On a modern PC what is the best resolution I can get from reading the clock? I need to timestamp data packets. Ideally I need sub millisecond res.

--
Dirk

The Consensus:-
The political party for the new millenium
http://www.theconsensus.org
Reply to
Dirk Bruere at Neopax

The processor has a 64-bit counter, clocked by the CPU clock, which can be transferred into the EDX:EAX registers using the RDTSC machine instruction. This has nanosecond resolution on a 1 GHz processor.

Reply to
Andrew Holme

Probably. I'll leave the details for now and assume it can be done.

--
Dirk

The Consensus:-
The political party for the new millenium
http://www.theconsensus.org
Reply to
Dirk Bruere at Neopax

Thanks.

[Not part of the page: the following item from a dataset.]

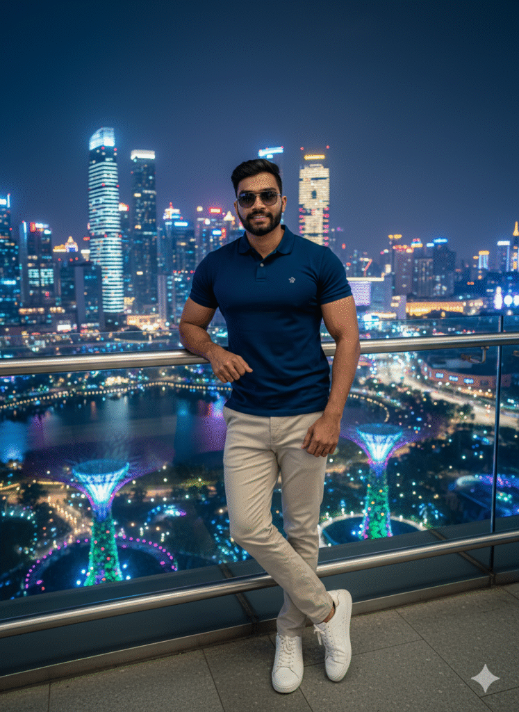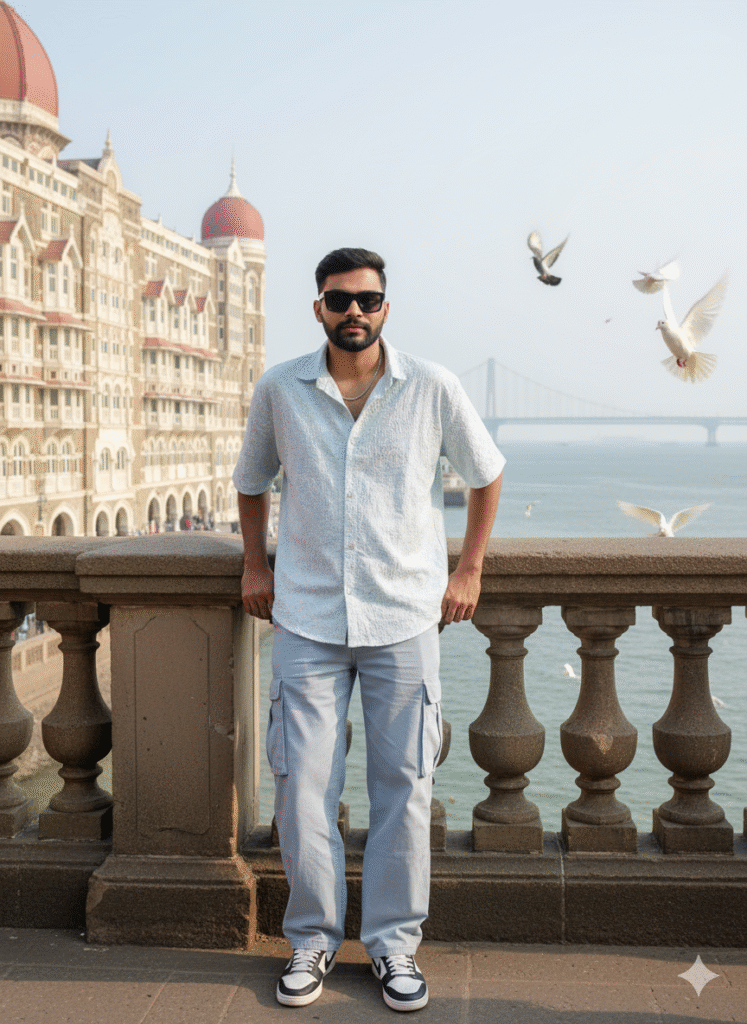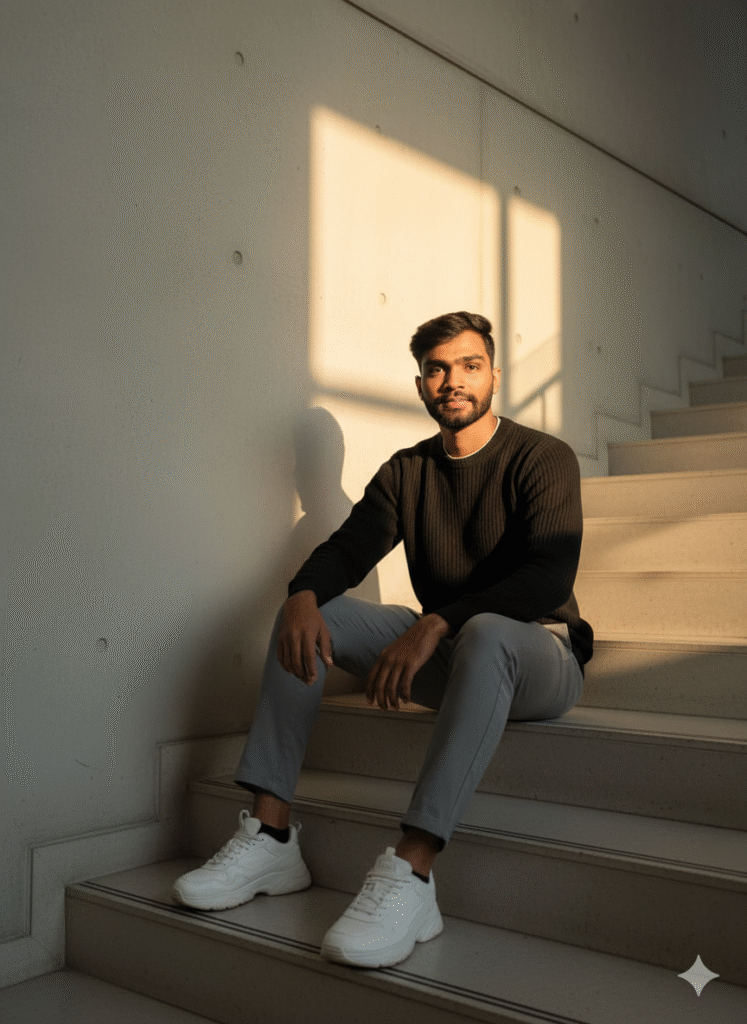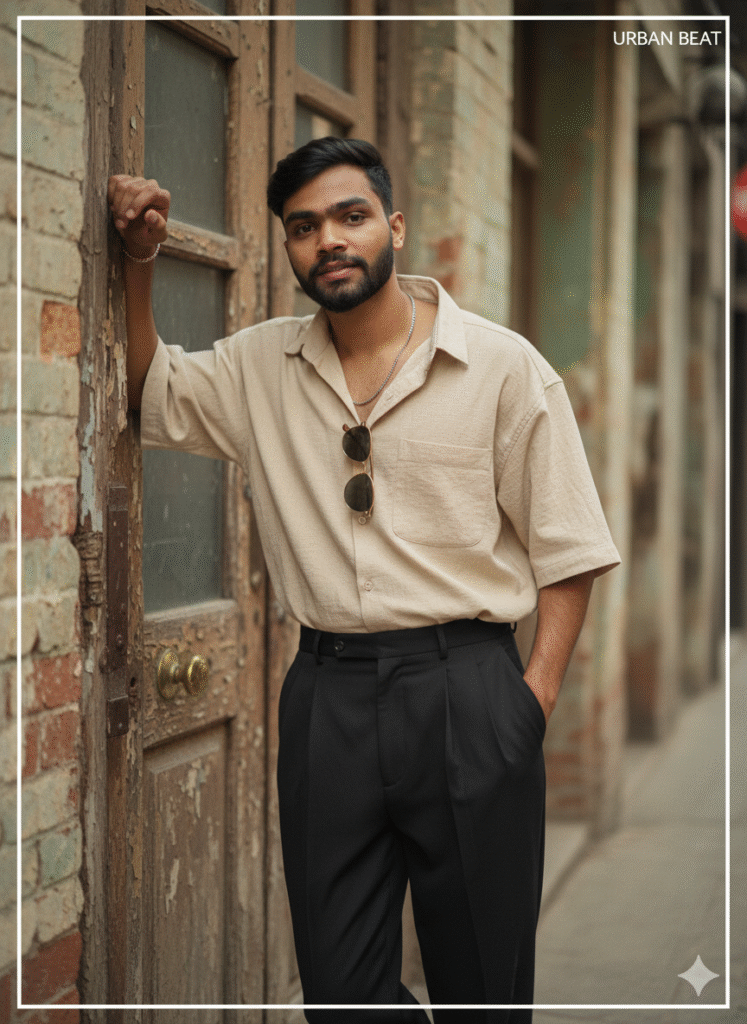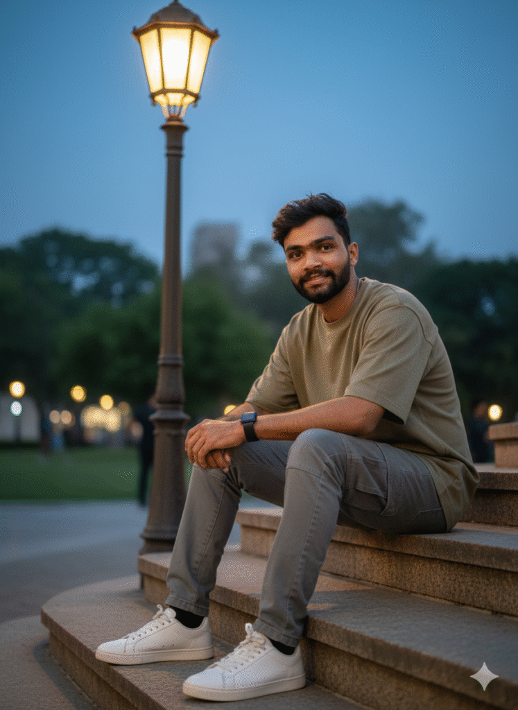 PROMPT #10 – A 90s vintage editorial-style portrait of a young man (face reference from uploaded photo) leaning casually against an old rustic doorway. He poses with one hand gripping the chipped wooden door and the other tucked in his black pleated trousers, exuding effortless confidence. He wears a loose beige short-sleeve button-up shirt, slightly unbuttoned at the chest with sunglasses hanging from the collar, styled in a retro casual wayPROMPT #11 – Cinematic hyper-realistic shot of a 21-year-old man sitting on stone stairs beside an old lamp post at twilight. Soft smile, arms resting on knees. Outfit: Khaki Heavyweight oversized t-shirt, grey cargo pants, white sneakers, apple watch, slightly messy dark hair. Background: glowing streetlight, blurred trees, creamy bokeh, 8K detail.

Now I know it can be done I can proceed with a bit more confidence.

--
Dirk

The Consensus:-
The political party for the new millenium
http://www.theconsensus.org
Reply to
Dirk Bruere at Neopax

While it is true that the hardware of the PC is capable of sub-millisecond resolution, either with the Pentium RDTSC instruction or the 8254 clock, the usefulness of that resolution in an application depends on the operating system. If you are running Windows, then you cannot guarantee that there won't be a multi-millisecond gap between the data packet and the reading of the timestamp, due to multitasking. If you are running DOS, then perhaps you can form a reliable timestamp. If you are only interested in accurate timestamps 99.9% of the time, then Windows is fine.

-Robert Scott Ypsilanti, Michigan

Reply to
Robert Scott

I'm interested in maintaining relative timing accuracy of the packets. I guess I'll have to live with what I get.

--
Dirk

The Consensus:-
The political party for the new millenium
http://www.theconsensus.org
Reply to
Dirk Bruere at Neopax

I'm going to "me too" this post. In a non-real-time OS with non-kernel code, there is just no way to GUARANTEE sub-millisecond timing, although it will probably work most of the time if the system is not bogged down with tasks.

If your code will be executing as a device driver, you may be able to take advantage of precise timing that you can trust, but I don't know enough about windows internals to tell you this for sure.

Same goes for linux (unless you are using some RTOS variant of linux).

--Mac

Reply to
Mac

clock?

You need to do it in Kernel Space. In Linux, that would be "easy" - in Windows, I do not know.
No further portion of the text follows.